Just an example, when Peter Moulder added support for libcroco and document-wide style specifications, it was a solid piece of new code, but it didn't require rewriting any significant portion of style.cpp. It was reasonably neatly slapped on top of it and works fine. Which shows that for all its incompleteness, style.cpp is not so really bad by itself.
So, per above, I propose that we stop talking about "replacing style.cpp" and remove that phrase from the roadmap. "Refactoring/streamlining style.cpp" sounds much closer to what we really need and, unlike "replacing", will not have the chilling effect on developers who might want to hack on that file.
On Wed, 2007-01-24 at 17:42 -0400, bulia byak wrote:
You cannot make [sp_style_merge_from_dying_parent] much simpler than it is, because there is in fact a lot of variants of doing merging depending on whether a property is inherited, whether it accumulates (as opacity), whether it allows relative specification, whether it's numeric, etc. etc.
I disagree; it's not as bad as it could be, but with refactoring of the surrounding code it could be written significantly more concisely.
Most of the variants can be accounted for by composition of simpler rules, and most of the information about which rules apply (inherited? numeric?) should be shared rather than hard-coded into the bodies of the various functions which must consider them (of which sp_style_merge_from_dying_parent is only one).

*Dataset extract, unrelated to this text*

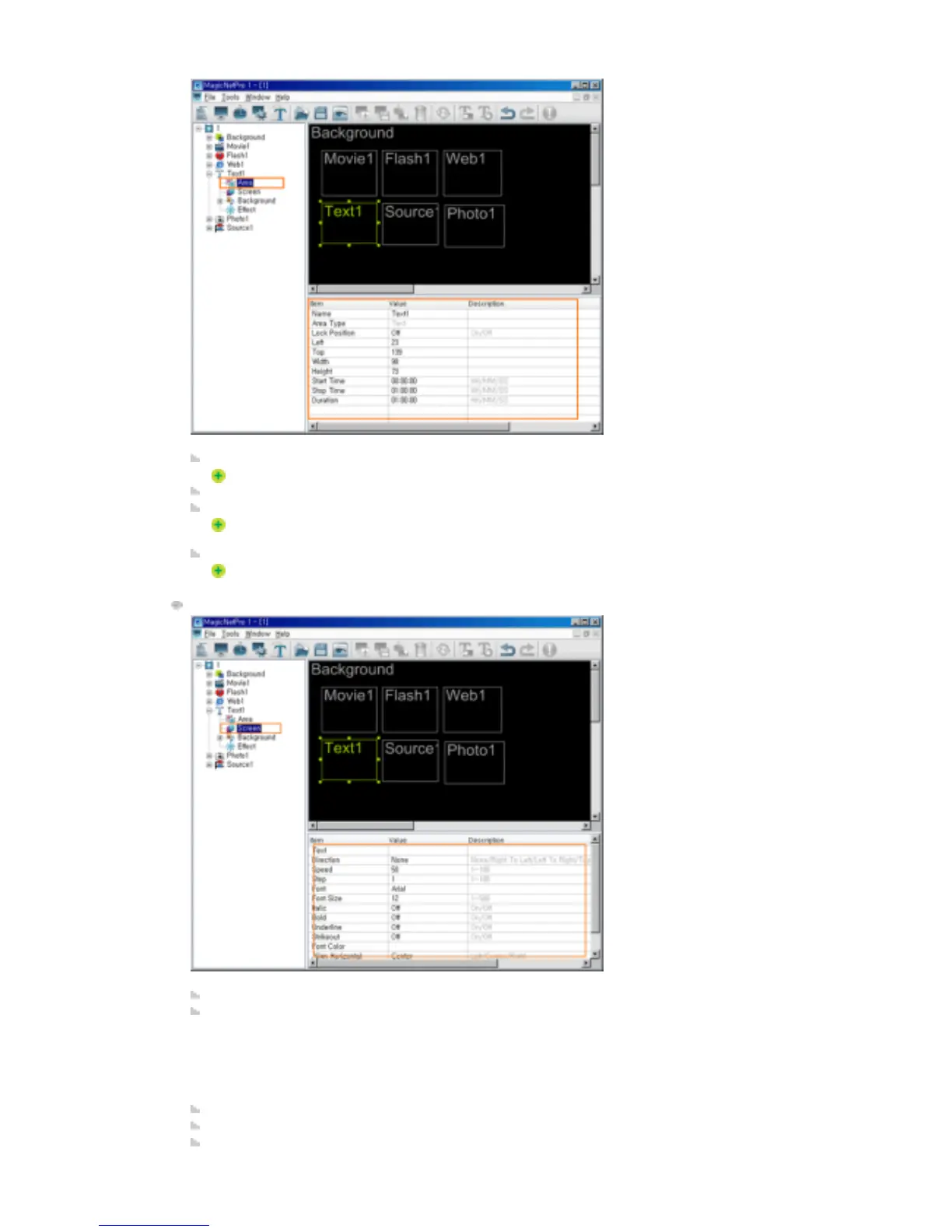 Font, Font Size, Italic, Bold, Underline, Strikeout, Font Color: Sets the formatting for the text in

So, per above, I propose that we stop talking about "replacing style.cpp" and remove that phrase from the roadmap. "Refactoring/streamlining style.cpp" sounds much closer to what we really need and, unlike "replacing", will not have the chilling effect on developers who might want to hack on that file.
That makes sense.
-mental
On Wed, 24 Jan 2007, bulia byak wrote:
Date: Wed, 24 Jan 2007 15:32:08 -0400 From: bulia byak <buliabyak@...400...> To: Bryce Harrington <bryce@...961...> Cc: Jon Phillips <jon@...235...>, Joshua A. Andler <joshua@...533...>, MenTaLguY <mental@...3...>, Inkscape Devel List inkscape-devel@lists.sourceforge.net Subject: Re: [Inkscape-devel] 0.46 development goals
On 1/23/07, Bryce Harrington <bryce@...961...> wrote:
* Implement gradient UI "release" handler to deal with gradient garbage collection (see bug 984854)
Looks like that bug concerns the gradient editor dialog which, with the current advances in on-canvas editing, is planned for removal. If anyone can think up a good reason to still have that dialog after we can add/move/remove/recolor intermediate gradient stops on canvas, please speak up.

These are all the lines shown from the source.